\name{readingSkills}
\alias{readingSkills}
\docType{data}
\title{ Reading Skills }
\description{
  A toy data set illustrating the spurious correlation
  between reading skills and shoe size in school-children.
}
\usage{data("readingSkills")}
\format{
  A data frame with 200 observations on the following 4 variables.
  \describe{
    \item{\code{nativeSpeaker}}{a factor with levels \code{no} and \code{yes},
                                where \code{yes} indicates that the child
                                is a native speaker of the language of the reading test.}
    \item{\code{age}}{age of the child in years.}
    \item{\code{shoeSize}}{shoe size of the child in cm.}
    \item{\code{score}}{raw score on the reading test.}
  }
}
\details{

  In this artificial data set, that was generated by means of a linear model, 
  \code{age} and \code{nativeSpeaker} are actual predictors of the 
  \code{score}, while the spurious correlation between \code{score} and 
  \code{shoeSize} is merely caused by the fact that both depend on \code{age}.  

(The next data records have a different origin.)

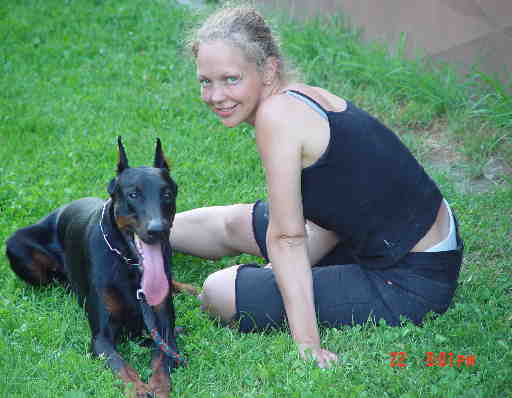 Ich hab ein neues Zuhause.Mein neues Frauli und Herrli kenne ich schon seid meiner Geburt.Die sind SUUUUUUPER!!!!Ich glaub das mein Frauli super zum arbeiten spielen und kuscheln geeignet ist.Die haben sogar schon so ein großes schwarzes Spielzeug namens Zeus für mich. Hier seht ihr das mein neues Herrli nicht einmal vor meiner Mammi Angst hat.Ist er nicht Cool. Am Hundeplatz 2003
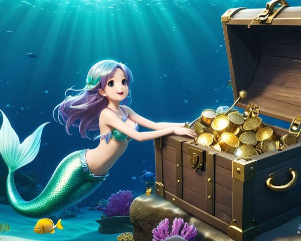 A whimsical anime girl dons a unique swimsuit inspired by tuna noodle casserole, featuring vibrant colors and playful patterns. Her cheerful expression and imaginative outfit bring a fun twist to beach fashion.
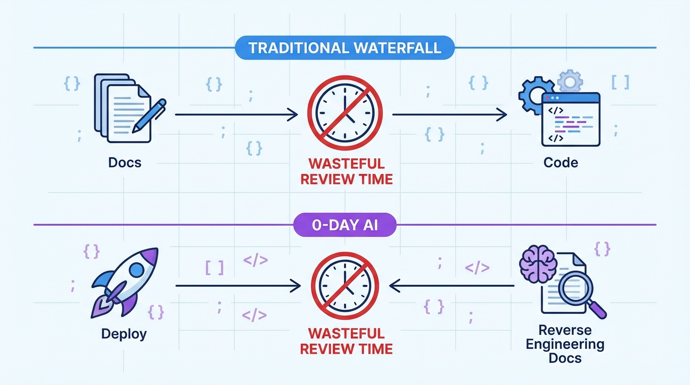 Comparison of traditional vs 0-day AI deployment.
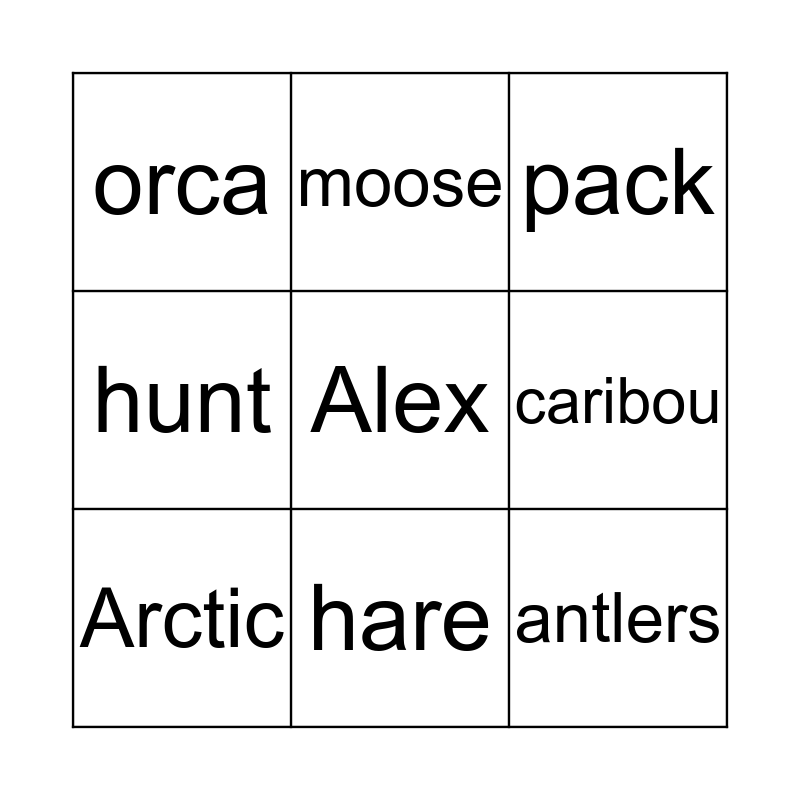 This bingo card has a free space and 8 words: caribou, pack, moose, Arctic, orca, antlers, hunt and hare.
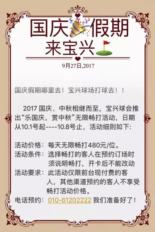 北京宝兴高尔夫球会十一假期钜惠 480元畅打
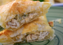 Golden brown puff pastry stuffed with creamy garlic and herb Swiss cheese with chicken is a fantastic meal, but also wonderful for parties and potlucks, too.
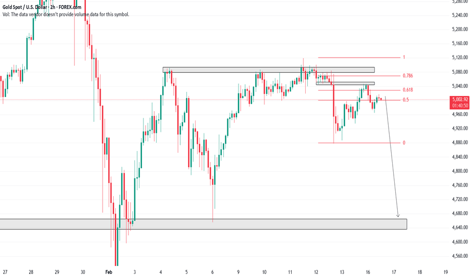 XAU/USD: Gold Under PressureThe current technical analysis of Gold (XAU/USD) on the hourly (1h) timeframe shows a market structure in transition, marked by selling pressure following a failure below a major resistance zone. After reaching a local peak, the price began a correction that brought it back below the psychological level of $5001.10. We observe the use of Fibonacci retracement levels, where the price seems to reject the 0.5 (50%) and 0.618 (61.8%) zones—crucial levels that often serve as reversal points for a bearish continuation within a corrective trend.
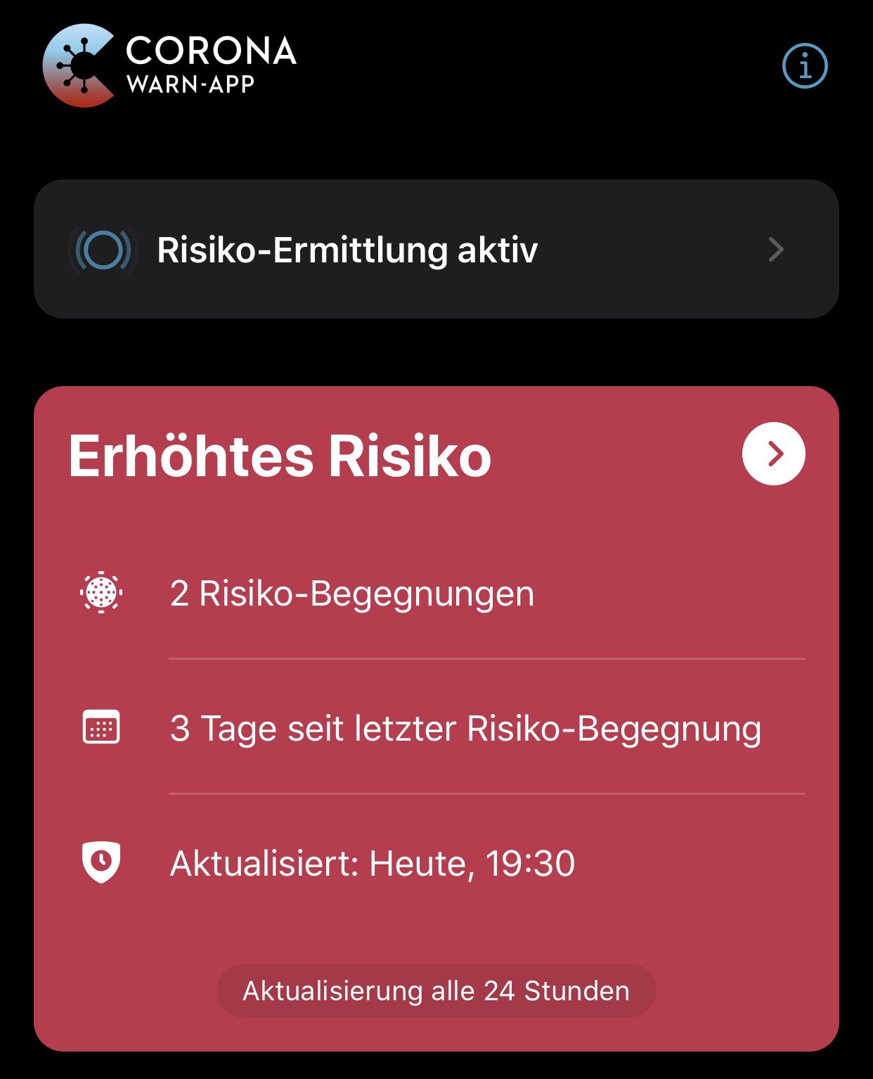 Der grüne hintergrund hat da nochmal ein zusätzliches sicherheitsgefühl vermittelt, keine risikobegegnung, alles ist in ordnung. Dem button darüber aktiviert ist. Dann verkündete die app mit rotem hintergrund ein erhöhtes risiko. Was mache ich jetzt, frage ich mich. In welchen fällen sie einen solchen warnhinweis erhalten und wie sie sich dann verhalten sollten.
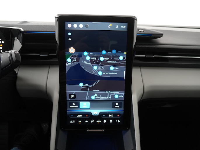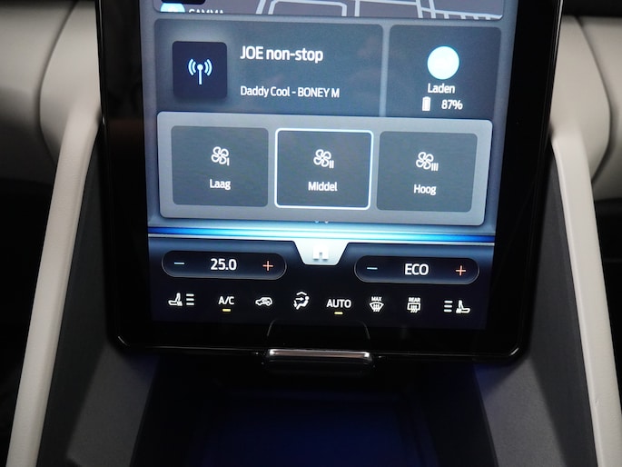 Centraal op het dashboard, onder handbereik ziet u het grote touchscreen. Naast navigatie en bluetooth is het ook mogelijk om via Apple Carplay of Android Auto uw telefoon te koppelen. U kunt dan apps als Google Maps of Spotify op het grote scherm bedienen. Zo hoeft u nooit meer de navigatiekaart te updaten en staat u nooit meer onnodig lang in de file door zeer nauwkeurige verkeersinformatie. Het koppelen gaat draadloos zodat u de telefoon niet meer uit uw broekzak of jaszak hoeft te halen. Uw telefoon kunt u in het vak voor het touchscreen leggen zodat hij wordt opgeladen. Het scherm is bovendien te schuiven. In de achterste stand ligt het gelijk met het dashboard. In de voorste stand staat het scherm rechtop en steekt het boven het dashboard uit. Zo kunt u zelf bepalen wat voor u een fijne positie is. Achter het scherm is een verborgen ruimte die Ford de my private locker noemt. Een opbergruimte die in de achterste stand is afgesloten en is voorzien van 2 USB-C aansluitingen. Ook in de tunnelconsole is een groot afsluitbaar vak. Het is groot genoeg om een compacte laptop in de bewaren. Het geluid komt van een audio-installatie van Bang&Olufsen. Met de subwoofer, versterker en surround speaker kunt u genieten van een fantastisch geluid!

  The true predictors can be identified, e.g., by means of partial correlations, 
  standardized beta coefficients in linear models or the conditional random 
  forest variable importance, but not by means of the standard random 
  forest variable importance (see example).

}
\examples{

   set.seed(290875)
   readingSkills.cf <- cforest(score ~ ., data = readingSkills,
       control = cforest_unbiased(mtry = 2, ntree = 50))

   # standard importance
   varimp(readingSkills.cf)
   # the same modulo random variation
   varimp(readingSkills.cf, pre1.0_0 = TRUE)

   # conditional importance, may take a while...
   varimp(readingSkills.cf, conditional = TRUE) 

}
\keyword{datasets}